Remember, Greek Democracy failed because they spent the treasury empty.
That means bankers, wall streeters and corporate ceo's wouldn't have the right to vote, only ordinary working people who can't afford tax shelters, offshore accounts or bailouts in the trillions. Welfare money spent on the poor is chunk change compared to what they get.

Actually, its the compound interest on government debt that causes the biggest part of fiscal problems. If politicians had dealt with it at the small stage it would be a whole lot easier than the festering monster accumulated. Even a small cut to entitlement programs would make a huge difference.

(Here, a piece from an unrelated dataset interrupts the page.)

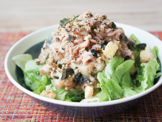韓国のりクルトン納豆シーチキンサラダ 材料納豆(丹念納豆)、レタス、キャベツ、シーチキン、クルトン、韓国海苔ふりかけ、オリーブオイル、粗挽き塩こしょう韓国のりクルトン納豆シーチキンサラダの作り方①レタスとキャベツは、食べやすい大きさに切ったら、器に盛りつけます。②オリーブオイル、粗挽き塩こしょう、よく混ぜた納豆をかけます。③シーチキン、クルトン、韓国海苔ふりかけをかけたら完成です。

It's not going to be fixed. It is going to collapse. (At least that's what it looks like to me now. ) We are all riding on one massive "Titanic" and many of us are doomed, we just won't know which of us it is yet.

I predict fire and darkness with death stalking the land. The four riders of the Apocalypse are coming, and they are being brought here by the immorality of spending/stealing that the government (promoted by it's handout recipients) has been doing.

I'm trying to get prepared, but what can you do to prepare for worthless money? I'm trying to put together a natural gas filling system for my vehicles, grow my own crops, and raise my own cattle. Off Grid, John Galt is the way to go.

When it hits it's going to hit fast and ugly. Hopefully the National guard will be able to keep some sort of lid on it for awhile.
‘What all the wise men promised has not happened, and what all the damned fools said would happen has come to pass.’